🤖 AI Summary
To address the challenge of cross-thread statistical aggregation in root-parallel Monte Carlo tree search (MCTS) for continuous action spaces, this paper introduces Gaussian process regression (GPR) into the root-parallel MCTS framework for the first time. We propose a GPR-based value estimation method that enables reliable value extrapolation for unsampled actions and explicitly models action-space continuity. The approach preserves online planning efficiency while effectively fusing local statistics from multiple threads. Evaluated on six standard continuous control benchmarks, it significantly outperforms existing aggregation strategies—including weighted averaging and max-value aggregation—yielding substantial improvements in policy quality and planning stability, with only marginal increases in inference overhead. Our core contribution is the novel application of GPR to cross-thread value aggregation in root-parallel MCTS, establishing a new paradigm for efficient online planning in continuous action domains.
📝 Abstract
Monte Carlo Tree Search is a cornerstone algorithm for online planning, and its root-parallel variant is widely used when wall clock time is limited but best performance is desired.
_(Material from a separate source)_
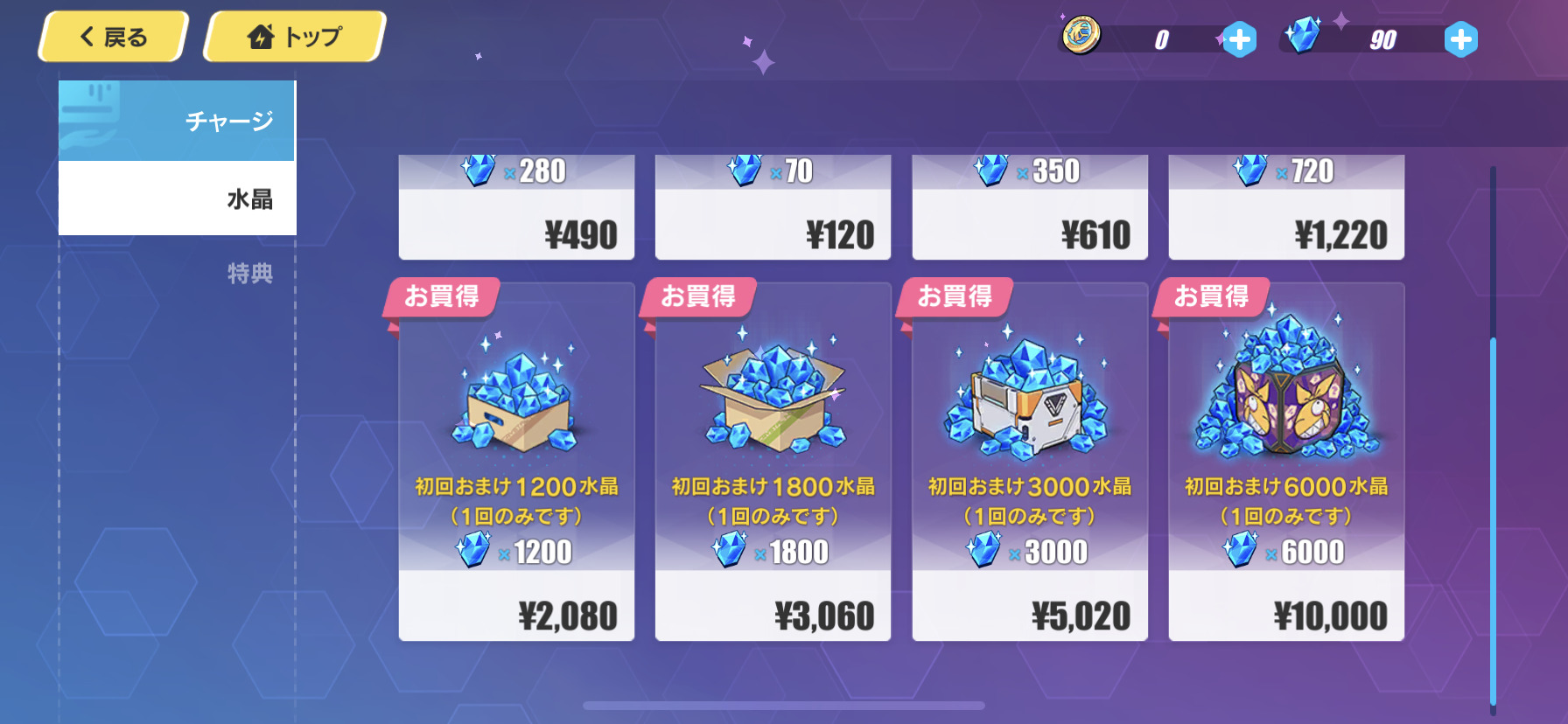 『崩壊3rd』では、水晶が課金要素となっています。初回おまけがあるのがお得ですね。初回おまけを利用してかしこく課金して、本作を楽しく進めていきましょう!

In environments with continuous action spaces, how to best aggregate statistics from different threads is an important yet underexplored question. In this work, we introduce a method that uses Gaussian Process Regression to obtain value estimates for promising actions that were not trialed in the environment. We perform a systematic evaluation across 6 different domains, demonstrating that our approach outperforms existing aggregation strategies while requiring a modest increase in inference time.